Task: Each entry below is to be reproduced exactly, though any pictures it holds must be omitted.
● ● ●
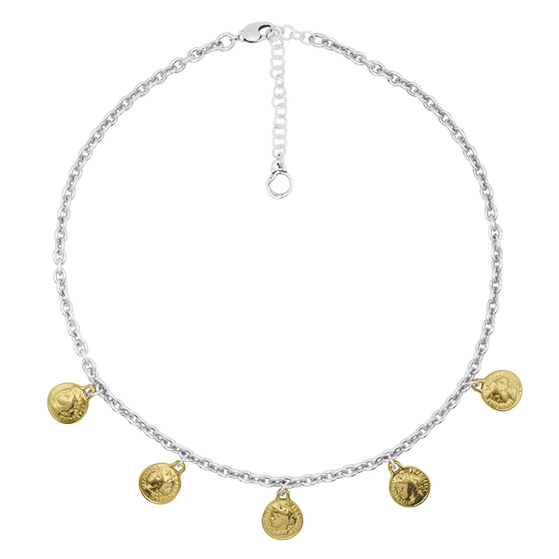 Особенности Серебряное колье женское с золотыми подвесками Ciclon France
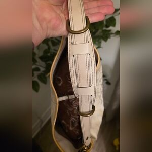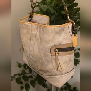 Very cute off white bag with yellow and silver accents! It is a rare tie dye design from Coach. Minimal signs of use/wear. See photos.
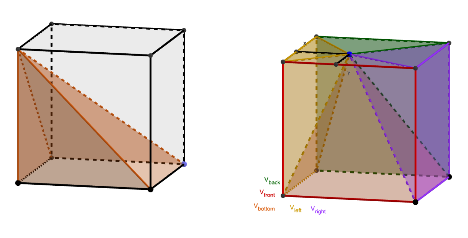 This can be generalized to a pyramid based on any prism, where the top point lies in the plane of one of the bases. However, this is beyond the scope of this post.
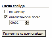 Таким образом создаем остальные слайды. После создания всех слайдов необходимо установить, будут ли они сменятся по щелчку, или автоматически через определенный промежуток времени. Для этого зайдем на вкладку Смена слайдов (меню Показ слайдов).
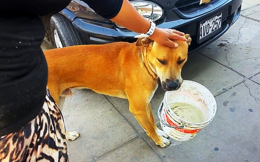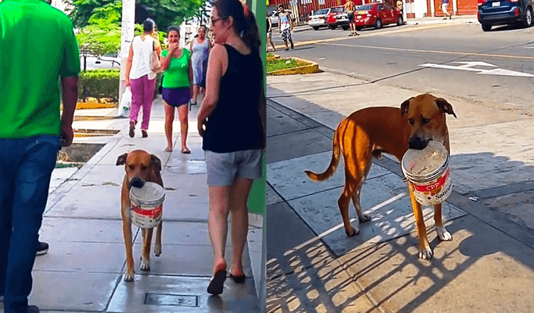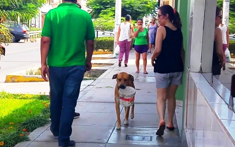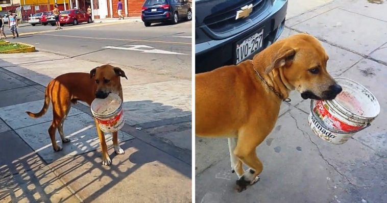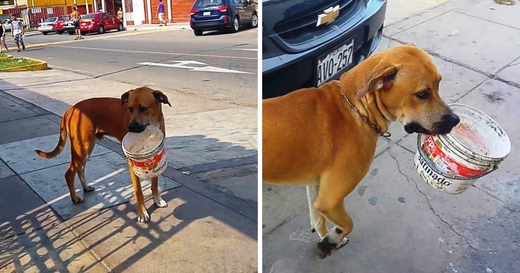 The locals of the capital of Peru, Lima, were ruined after seeing a poor homeless dog carrying an empty bucket in hope to get some water in a very hot day.
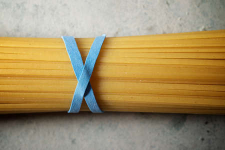 A vertical bunch of raw spaghetti tied with thread on a white plate. View from above. Italian food concept.
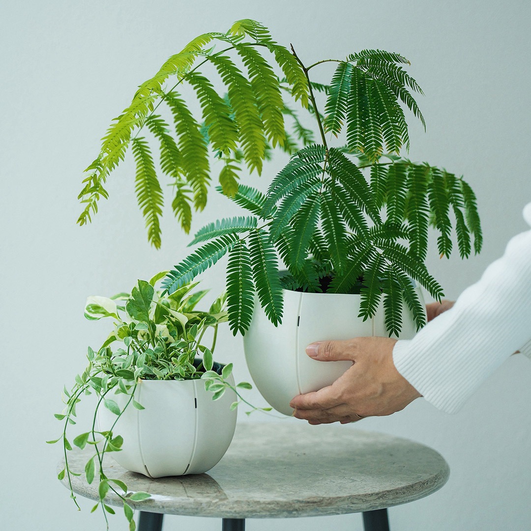 シンプルだけれどどこか奥行きのあるデザインは、植物を飾るだけで空間をやさしく仕立ててくれます。
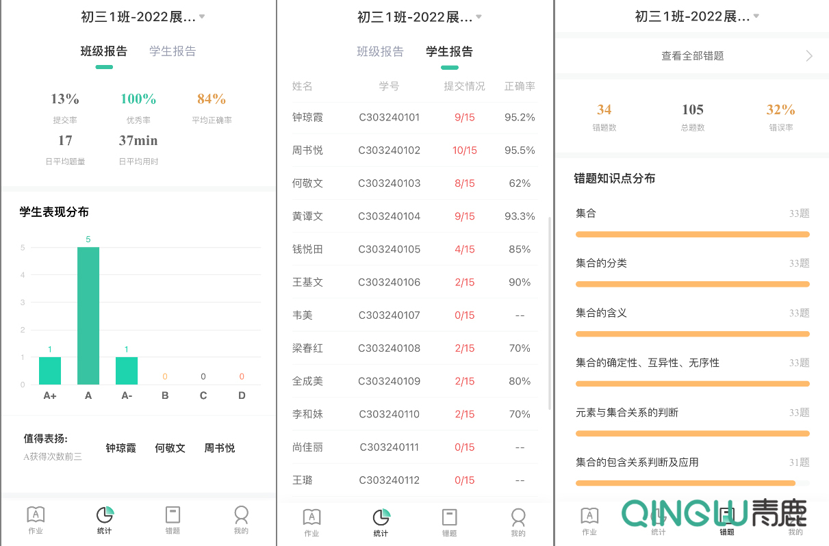 青鹿智慧作業(yè)能夠自動(dòng)生成多維度的作業(yè)數(shù)據(jù)分析報(bào)告,精準(zhǔn)反饋面向?qū)W生個(gè)體、班級(jí)、年級(jí)、學(xué)科等不同層次的典型作業(yè)特征,為教師打造高質(zhì)量“課前—課中—課后”教學(xué)閉環(huán)提供數(shù)據(jù)決策支持。
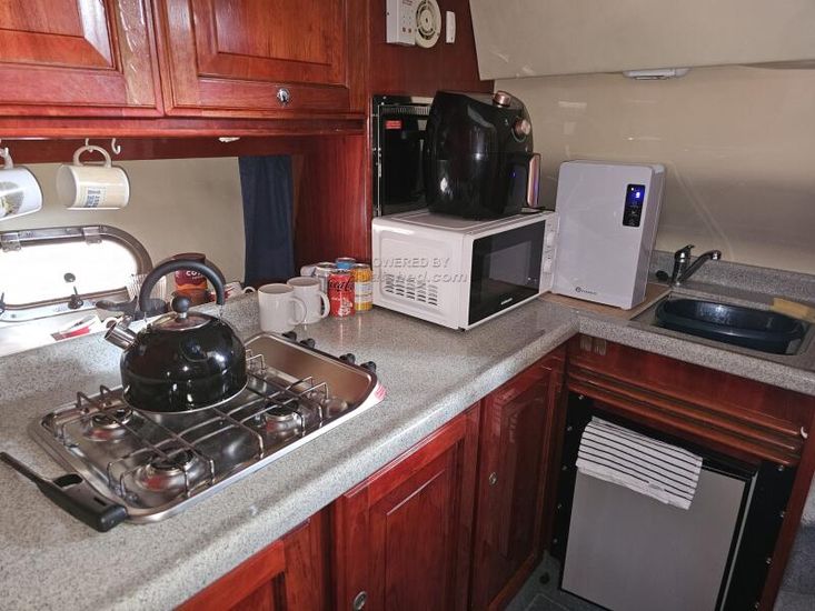 There is a good amount of space around the cabin table with a double seat at the helmsman position which can be reversed. The table can drop down to make a double berth. The galley is located to starboard with a double berth cabin opposite. Forward is the luxurious owners cabin with plenty of space and another double berth.
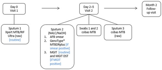 Specimens for routine and study testing were collected over two visits approximately 2–5 days apart. Arrows indicate the chronological flow of study visits and specimen collection. Day 0 (Visit 1) procedures were followed by Day 2–5 (Visit 2), and subsequently by the Month 2 follow-up visit. Blue text in brackets indicates conditions under which specific tests were performed. AFB, acid-fast bacilli; MGIT, mycobacterial growth indicator tube; DST, drug susceptibility testing; NALC/NaOH, N-acetyl-L-cysteine–sodium citrate–sodium hydroxide; BD, Becton Dickinson
● ● ●
Answer to this exercise:
 Особенности Серебряное колье женское с золотыми подвесками Ciclon France
 Very cute off white bag with yellow and silver accents! It is a rare tie dye design from Coach. Minimal signs of use/wear. See photos.
 This can be generalized to a pyramid based on any prism, where the top point lies in the plane of one of the bases. However, this is beyond the scope of this post.
 Таким образом создаем остальные слайды. После создания всех слайдов необходимо установить, будут ли они сменятся по щелчку, или автоматически через определенный промежуток времени. Для этого зайдем на вкладку Смена слайдов (меню Показ слайдов).
 The locals of the capital of Peru, Lima, were ruined after seeing a poor homeless dog carrying an empty bucket in hope to get some water in a very hot day.
 A vertical bunch of raw spaghetti tied with thread on a white plate. View from above. Italian food concept.
 シンプルだけれどどこか奥行きのあるデザインは、植物を飾るだけで空間をやさしく仕立ててくれます。
 青鹿智慧作業(yè)能夠自動(dòng)生成多維度的作業(yè)數(shù)據(jù)分析報(bào)告,精準(zhǔn)反饋面向?qū)W生個(gè)體、班級(jí)、年級(jí)、學(xué)科等不同層次的典型作業(yè)特征,為教師打造高質(zhì)量“課前—課中—課后”教學(xué)閉環(huán)提供數(shù)據(jù)決策支持。
 There is a good amount of space around the cabin table with a double seat at the helmsman position which can be reversed. The table can drop down to make a double berth. The galley is located to starboard with a double berth cabin opposite. Forward is the luxurious owners cabin with plenty of space and another double berth.
 Specimens for routine and study testing were collected over two visits approximately 2–5 days apart. Arrows indicate the chronological flow of study visits and specimen collection. Day 0 (Visit 1) procedures were followed by Day 2–5 (Visit 2), and subsequently by the Month 2 follow-up visit. Blue text in brackets indicates conditions under which specific tests were performed. AFB, acid-fast bacilli; MGIT, mycobacterial growth indicator tube; DST, drug susceptibility testing; NALC/NaOH, N-acetyl-L-cysteine–sodium citrate–sodium hydroxide; BD, Becton Dickinson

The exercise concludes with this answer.